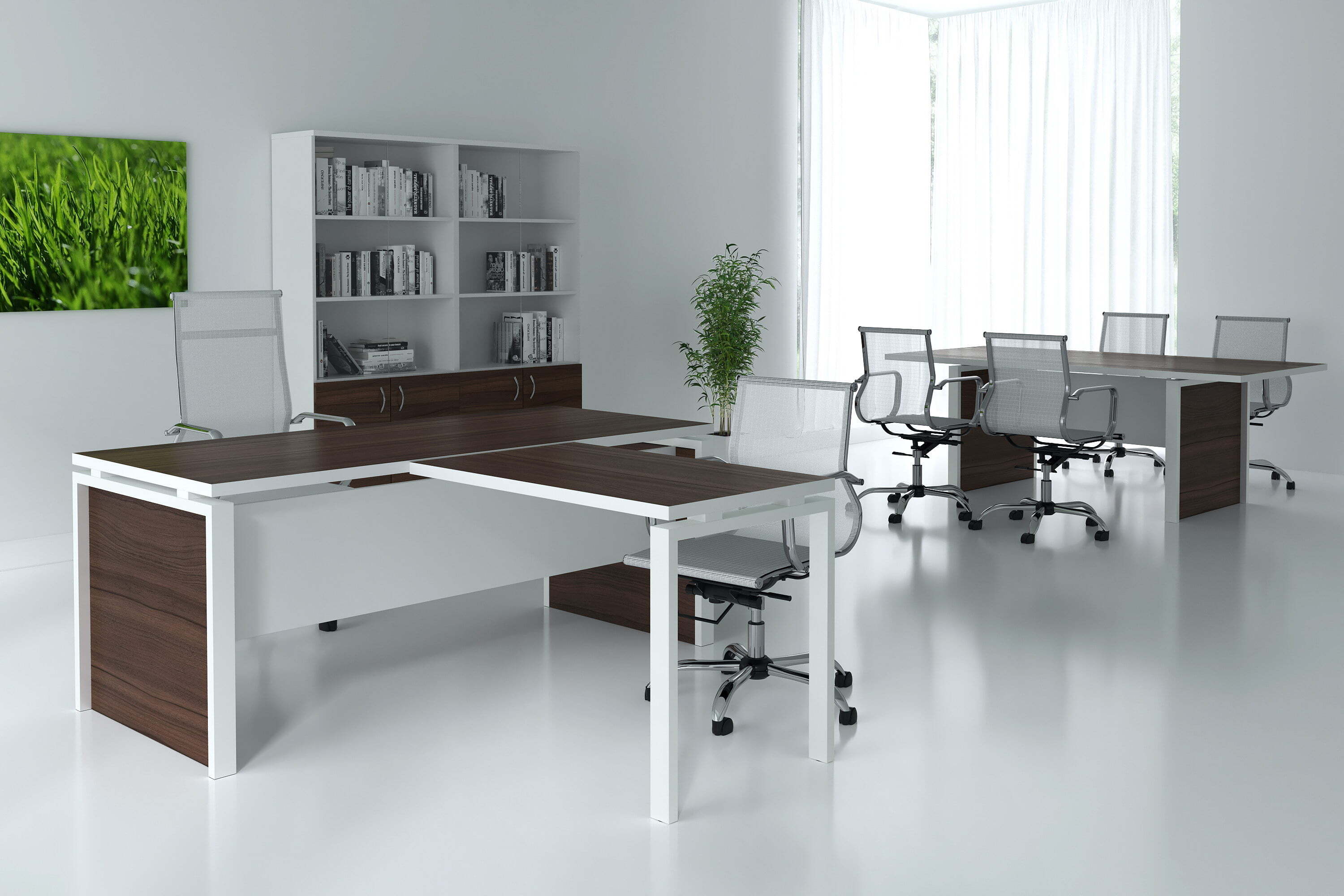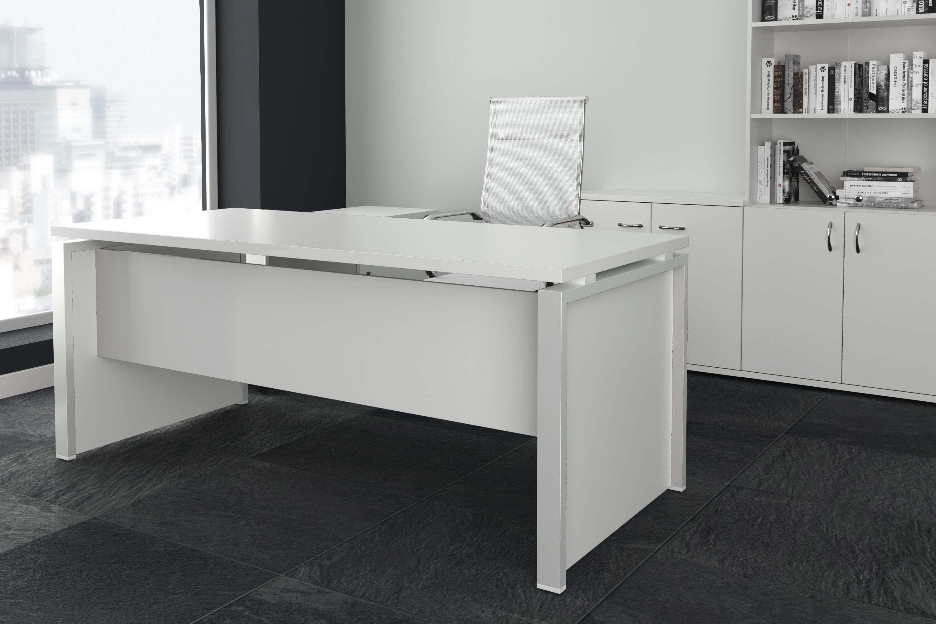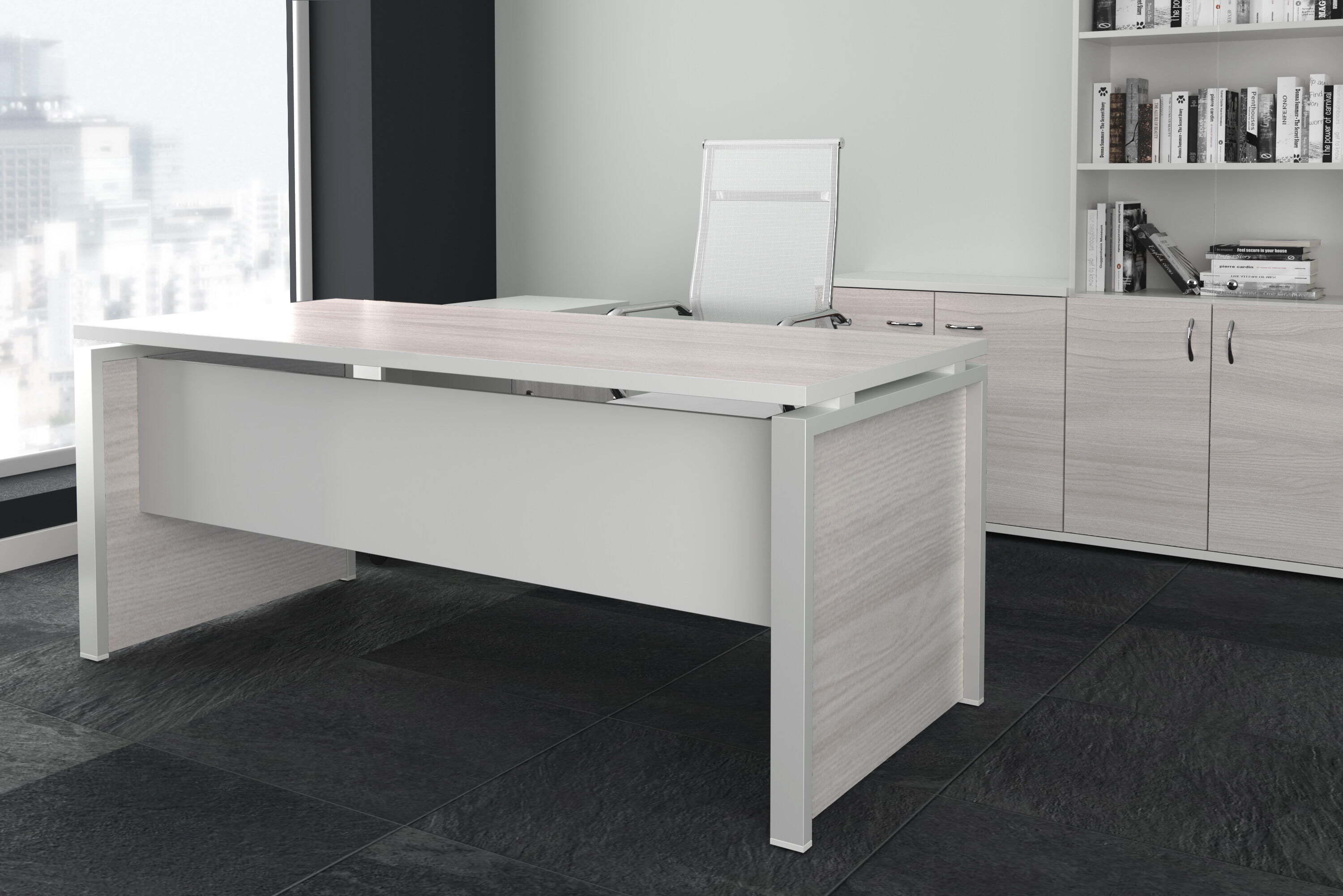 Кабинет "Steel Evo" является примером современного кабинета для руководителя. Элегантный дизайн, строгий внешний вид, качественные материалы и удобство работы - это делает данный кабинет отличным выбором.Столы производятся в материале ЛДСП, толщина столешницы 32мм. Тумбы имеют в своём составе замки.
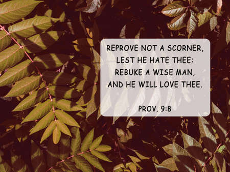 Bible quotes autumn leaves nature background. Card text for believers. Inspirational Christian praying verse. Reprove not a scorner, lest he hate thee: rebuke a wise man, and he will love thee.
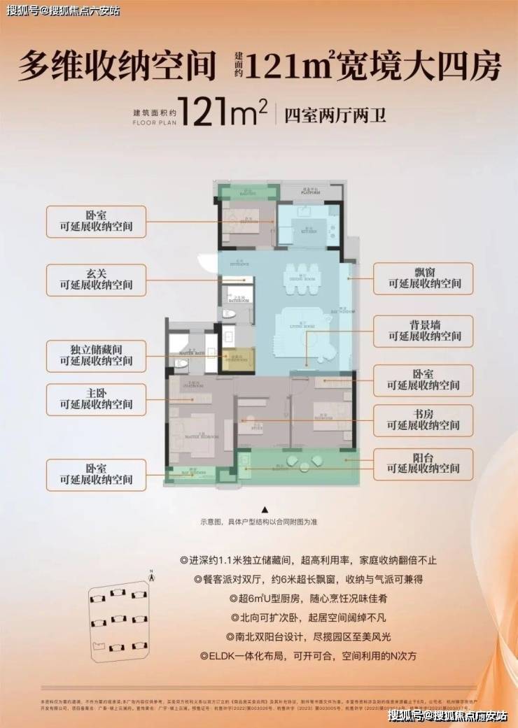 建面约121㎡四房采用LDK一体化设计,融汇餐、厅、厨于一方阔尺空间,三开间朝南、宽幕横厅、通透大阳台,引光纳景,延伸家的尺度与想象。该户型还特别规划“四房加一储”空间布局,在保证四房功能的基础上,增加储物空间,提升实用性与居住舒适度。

--

[Activity]: Transcribe the listing above verbatim. No picture belongs in the result.

[Solution for this problem]:
 Кабинет "Steel Evo" является примером современного кабинета для руководителя. Элегантный дизайн, строгий внешний вид, качественные материалы и удобство работы - это делает данный кабинет отличным выбором.Столы производятся в материале ЛДСП, толщина столешницы 32мм. Тумбы имеют в своём составе замки.
 Bible quotes autumn leaves nature background. Card text for believers. Inspirational Christian praying verse. Reprove not a scorner, lest he hate thee: rebuke a wise man, and he will love thee.
 建面约121㎡四房采用LDK一体化设计,融汇餐、厅、厨于一方阔尺空间,三开间朝南、宽幕横厅、通透大阳台,引光纳景,延伸家的尺度与想象。该户型还特别规划“四房加一储”空间布局,在保证四房功能的基础上,增加储物空间,提升实用性与居住舒适度。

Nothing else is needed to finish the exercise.